Whether the correspondence between the disconnectome components and task-related functional activations was due to the pure organisation of white matter in the brain or was influenced by the biased distribution of ischaemic strokes is unknown. To answer this question, we compared the correlation between task-related fMRI meta-analytic maps and all components of the stroke disconnectome, the synthetic disconnectome and brain lesions. Figure 2c shows that disconnections in strokes have a stronger relationship with task-related functional activations than the lesion alone (t = 24.107; p < 0.001, based on 1000 bootstrapped samples). Further, the correlation between task-related functional activations and the synthetic disconnectome have a significantly weaker relationship than with the stroke disconnectome (t = 4.620; p < 0.001, based on 1000 bootstrapped samples). These statistical differences suggest that on the one hand, the disconnectome corresponds with the underlying functional architecture (as revealed by fMRI) better than lesions alone. Hence brain disconnections are more appropriate to study the localisation of brain functions than brain lesions alone. On the other hand, our results also suggest that the non-random distribution of stroke has distorted the taxonomy of brain function underpinning the behavioural paradigms used in task-related fMRI and other brain mapping methods. In other words, the stereotyped location of stroke lesions has induced an observational bias in jointly impaired functions that, in turn, has biased the functional taxonomy used with fMRI in healthy subjects.

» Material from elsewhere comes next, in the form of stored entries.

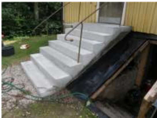
Hela trappan omgjuten.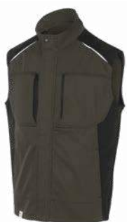
Oliv | Schwarz 7250 5365-6699 XS-4XL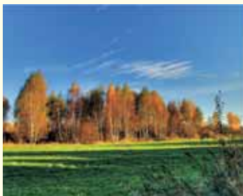
Krajobraz - okolice Zawidza Kościelnego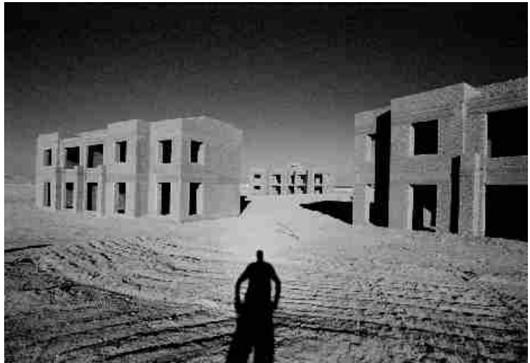
Selbst 2001-III (Sinai-III), 2001 C-Print/ Passepartout/ Holzrahmen 9 x 14 cm (Rahmen 32 x 32 cm) Auflage 25 Ex. + 5 EA

trifft in den Arbeiten von Peter Schlör mit dem Rätsel des Sehens zusammen. Sein eigentliches Motiv: Das gleiche ist nicht dasselbe, obwohl das Bild sich in seinem Gegenstand zunächst den Anschein gibt."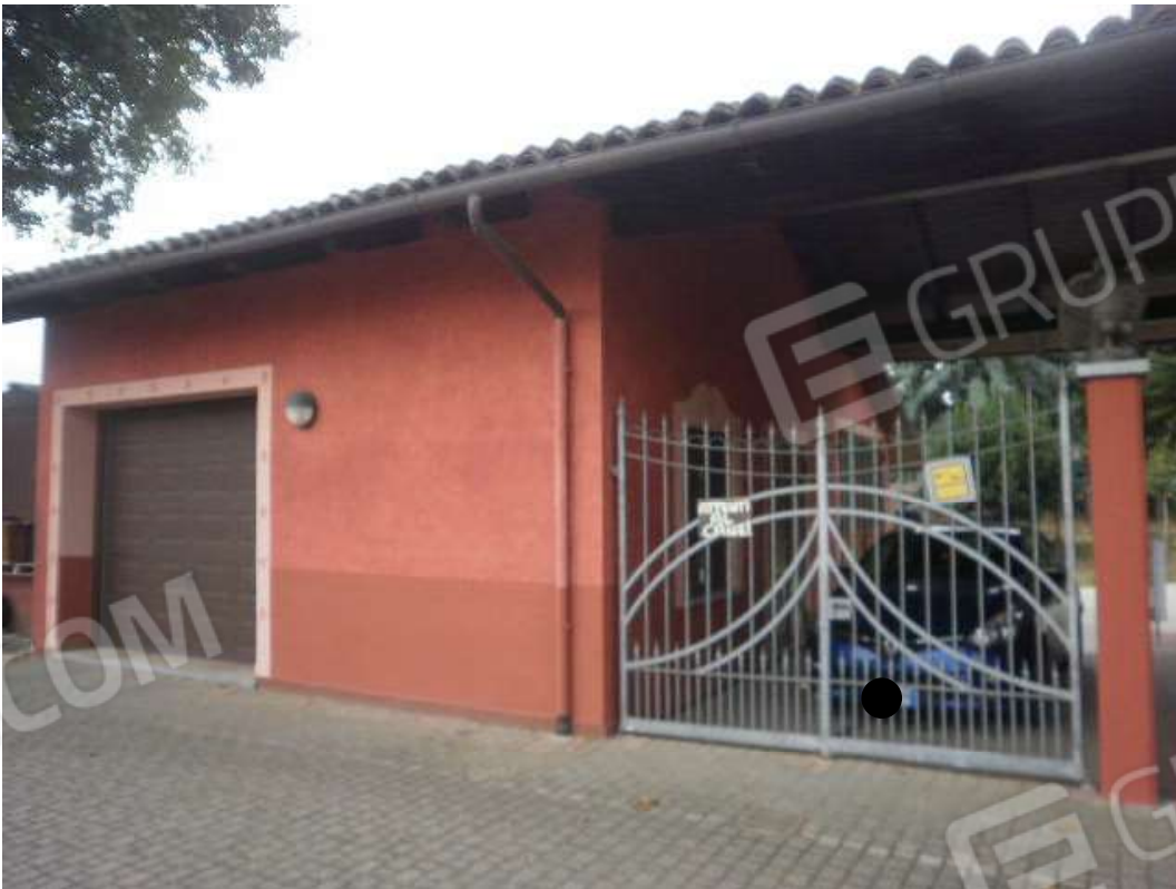
Vista dei corpi accessori al fabbricato principale di civile abitazione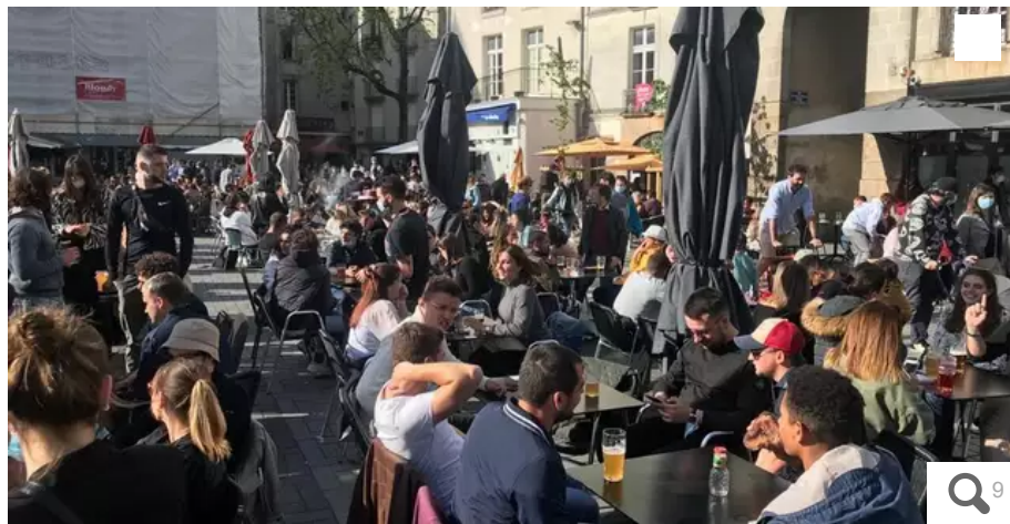
La foule place du Bouffay à Nantes digne « d'une finale de coupe du monde ou d'une fête de la musique »

Place du Bouffay, à Nantes, les terrasses sont bondées ce mercredi 19 mai en soirée pour la réouverture des terrasses des bars et restaurants.

Functional mapping of white matter connections

Since most of the disconnectome components corresponded to task-related functional activations, we estimated the white matter structure subjacent to each component allowing to derive a statistical map of the function of white matter connections [as disrupted by stroke]. Accordingly, component maps were calculated using permuted (n = 1000) linear regressions. In order to assess the reproducibility of the component maps, we split the dataset in two (n = 666). Pearson correlation indicated a good reproducibility across the two sets of component maps (average Pearson R = 0.813 ± 0.079). As shown in Fig. 3, some components clearly demonstrated an intra-hemispheric network distribution, such as the articulatory loop that involves portions of the arcuate fasciculus and connects key territories including the Broca, supramarginal and Wernicke areas39. Similarly, the navigation system involved the posterior portion of the cingulum that connects the right hippocampus40 to the retrosplenial cortex41,42. Other components appeared to have a strong level of interhemispheric interaction, such as the left and right frontal eye fields that were bound via a portion of the corpus callosum tract. Such a strong interhemispheric association might explain why after a stroke43 or unilateral electrical stimulation44 of this functional field both eyes show an irrepressible deviation. Some components also had a more circumscribed distribution, such as calculation, which involved the left intraparietal sulcus and its subjacent short white matter connections, as previously discussed in45. See Supplementary Information B. and Supplementary Figs. 348 for a full description of all the components, their link with functional neuroimaging and with symptoms when disconnected.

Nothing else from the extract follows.